The government has announced a 3-day administrative window for bondholders to complete processes for tendering their bonds.
A statement issued by the Ministry of Finance and signed by the Sector Minister, Ken Ofori-Atta, said the window ends at 4 pm on Friday, February 10, 2023.
According to the statement, the window extension results from technical challenges experienced by some bondholders as they try to complete the online tender process.
It is believed that a sudden rush by bondholders to sign up close to the deadline placed a strain on the IT infrastructure.
The statement explained that the timetable of the exchange remains unaffected except for the announcement date, which is now Monday, February 13.
Accordingly, the settlement of the exchange remains on the scheduled date of Tuesday, February 14, 2023.
“Except as set forth in this paragraph, the terms and conditions of the exchange are not modified or amended,” he added.
The statement reminded bondholders who could not complete the process to visit the website of the Central Securities Depository www.csd.com.gh.dde to complete the process.
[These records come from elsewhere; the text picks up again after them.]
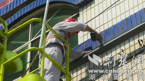 荊楚網(湖北日報網)訊(通訊員 耿吉國、劉愛理)8月14日,中國(十堰)汽配城部分建筑墻體外,施工人員登上升降機安裝橋架,將用于收納各電信運營商的弱電線纜。
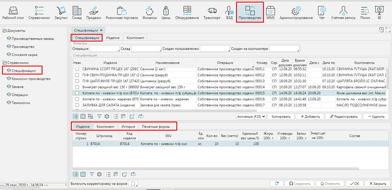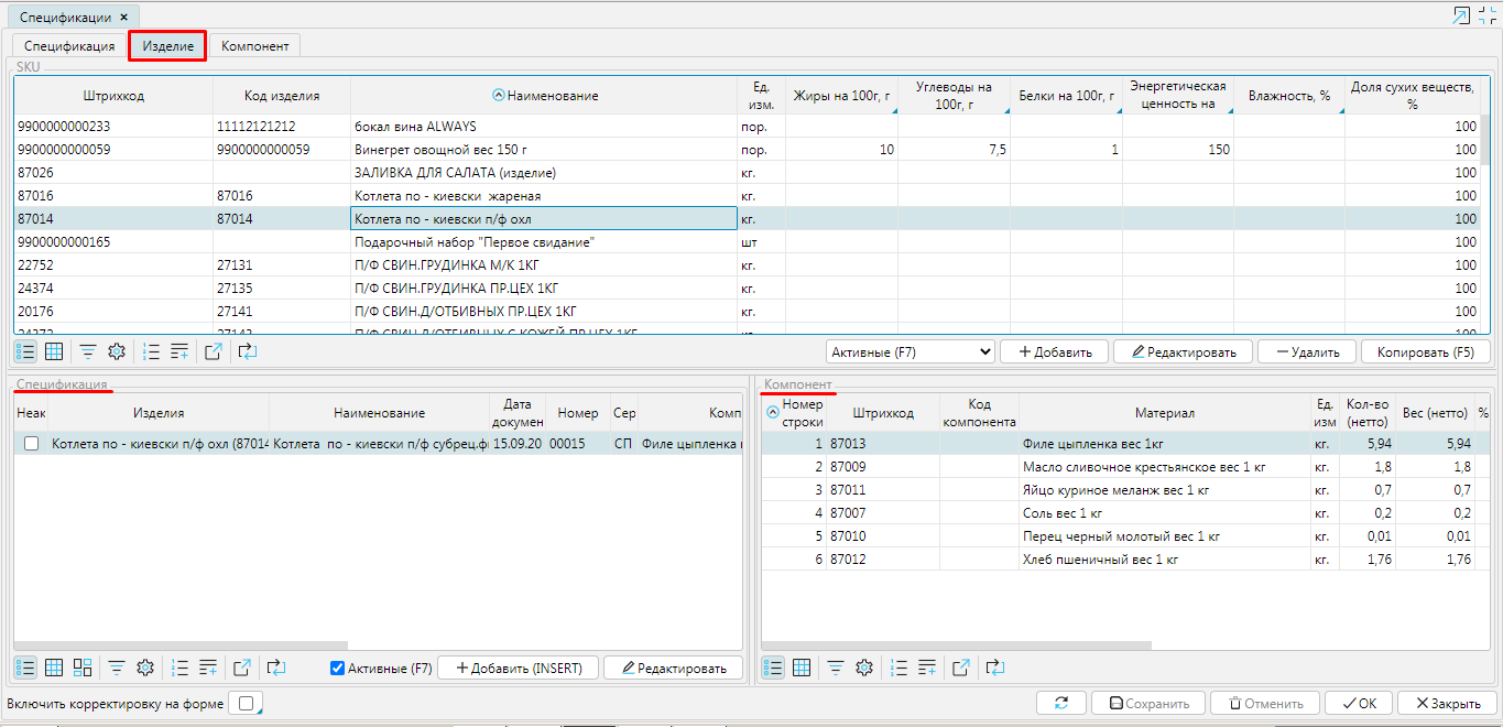 На закладках Изделие и Компонент соответственно в основном блоке отображается список готовых изделий или компонентов, а в дополнительных спецификации, которые используются для приготовления выделенного изделия/в которых используется выделенный компонент, и компоненты / изделия по выделенным спецификациям.
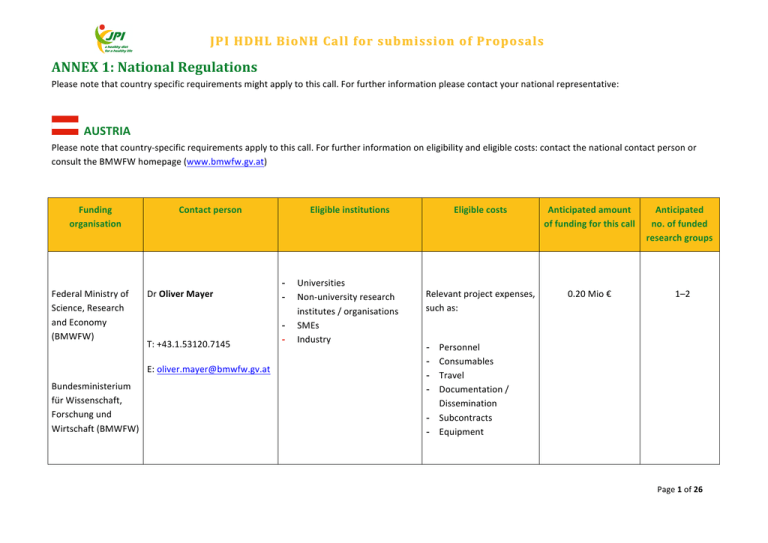 JPI HDHL BioNH Call for submission of Proposals ANNEX 1: National Regulations Please note that country specific requirements might apply to this call. For further information please contact your national representative: AUSTRIA Please note that country-‐specific requirements apply to this call. For further information on eligibility and eligible costs: contact the national contact person or consult the BMWFW homepage (www.bmwfw.gv.at) Funding organisation Contact person Federal Ministry of Science, Research and Economy (BMWFW) Dr Oliver Mayer Bundesministerium für Wissenschaft, Forschung und Wirtschaft (BMWFW) T: +43.1.53120.7145 E: [email protected] Eligible institutions - Eligible costs Universities Non-‐university research institutes / organisations SMEs Industry Anticipated amount of funding for this call Relevant project expenses, such as: Anticipated no. of funded research groups 0.20 Mio € 1–2 - Personnel Consumables Travel Documentation / Dissemination - Subcontracts - Equipment Page 1 of 26 JPI HDHL BioNH Call for submission of Proposals Page 2 of 26 JPI HDHL BioNH Call for submission of Proposals BELGIUM Please note that country-‐specific requirements apply to this call. For further information follow the links below or contact the national representative. See details of this grant on the FWO website for further information on eligibility and eligible costs for participants from Belgium: www.fwo.be . The following pages of this document detail the eligibility requirements for applicants from host institutions in Belgium. Funding organisation Research Foundation – Flanders (FWO) www.fwo.be Contact person Dr Olivier Boehme Eligible institutions Science Policy Advisor -‐ -‐ -‐ T: +32 2 550 1545 -‐ Geertrui Poelaert a Flemish university a Flemish research institution the Transnational university Limburg a federal scientific institution, if the co-‐promoter belongs to the Dutch language register. Eligible costs Anticipated amount of funding for this call -‐ Bench fees -‐ Equipment costs -‐ Personnel grants 0.40 Mio € + 2 0.10 Mio € top-‐up Advisor Research Affairs T: +32 2 550 1555 Research Foundation Flanders (FWO) Egmontstraat 5, 1000 Brussels a Anticipated no. of funded research groups E: [email protected] Page 3 of 26 JPI HDHL BioNH Call for submission of Proposals W: www.fwo.be a Max. 100,000 top-‐up funding: 10,000–25,000/existing FWO-‐funded project (4–10 projects). Research Foundation–Flanders (FWO) intends to integrate existing FWO projects into the consortia of the JPI Climate call through this top-‐up. Page 4 of 26 JPI HDHL BioNH Call for submission of Proposals The following issues will be considered in a FWO eligibility check that will be conducted on any proposals with researchers from host institutions in Belgium. Regarding the eligibility of candidates for projects funded by FWO, art. 9 of the FWO-‐regulation on the regular research projects is applicable. In this article is stated who can apply as a (co-‐)promoter for a research project (here only those cases that are relevant for JPI HDHL are listed): Promoter: -‐ an Independent Academic Staff member with an appointment of more than 10% at a Flemish university; -‐ an Independent Academic Staff member with an appointment of 10% at a Flemish university and whose main task is research; -‐ an Independent Academic Staff member with an appointment of 5% at a Flemish university and with an appointment as (assistant) clinical head or an equal function in a university hospital; -‐ an academic staff member with an appointment at the Evangelical Protestant Faculty in Leuven and the Faculty for Protestant Theology in Brussels; -‐ a research director of the FWO; -‐ a designated beneficiary of an ERC Starting Grant, an ERC Advanced Grant or an Odysseus II grant, with a Flemish university as a host institution. Co-‐promoter: All co-‐supervisors have to be researchers of at least postdoctoral level. Co-‐supervisors have to be affiliated to a Flemish university, or a Flemish research institution, or a Flemish university hospital, or the Transnational University Limburg, or the Evangelical Protestant Faculty in Leuven, or the Faculty for Protestant Theology in Brussels, or a federal scientific institution where the co-‐supervisor belongs to the Dutch-‐speaking community. (Foreign researchers can participate as co-‐supervisor in the project without FWO funding, provided the collaboration is relevant for the project).Researchers from outside Flanders can be involved as co-‐promoter without being entitled to receive funding from the FWO and insofar as this cooperation is relevant for the project. If more than one university is involved in the project, at least one promoter or co-‐promoter of each university has to fulfil the above. For the complete regulation of research projects, see: http://www.fwo.be/en/fellowships-‐funding/research-‐projects/research-‐project/regulations-‐for-‐ research-‐projects/ The objective of the FWO’s Research projects is to advance fundamental scientific research, on the initiative of researchers from all disciplines. The Research projects constitute an important tool with which to stimulate collaboration between different research teams. In this context, bench fees, equipment and personnel grants are made available to teams of researchers for conducting scientific high-‐value projects at the centre of scientific interest. Special attention is focused on projects that position their own research within a wider scientific arena and presuppose an interuniversity approach. Page 5 of 26 JPI HDHL BioNH Call for submission of Proposals DENMARK Please note that country-‐specific requirements apply to this call. For further information, follow this link or contact the national representative. Funding organisation The Danish Innovation Foundation www.fivu.dk Contact person(s) Susanne Hede T: + 45 7231 8392 E: [email prote

Below is the full statement from the Finance Ministry:
Mr Ofori-Atta also took the opportunity to thank bondholders who have so far tendered their bonds.
Under the improved offer, all individual bondholders below the age of 59 years (Category A) are offered instruments with a maximum maturity of five years instead of 15 years and a 10% coupon rate.
All retirees (including those retiring in 2023 and in Category B) are being offered instruments with a maximum maturity of five years instead of 15 years and a 15% coupon rate.
The Finance Minister yesterday said that the objective of this is to ensure that individuals, especially retirees, who put their hard-earned savings in the domestic market, are not left in hardship as a result of the DDEP and yet contribute to the resolution of the current crisis.
He said the government intentionally pushed the threshold of what is possible to safeguard the well-being of our pensioners, preserve the savings of individuals, protect the working capital of businesses, ensure the health and stability of our financial sector and restore the health and macroeconomic stability.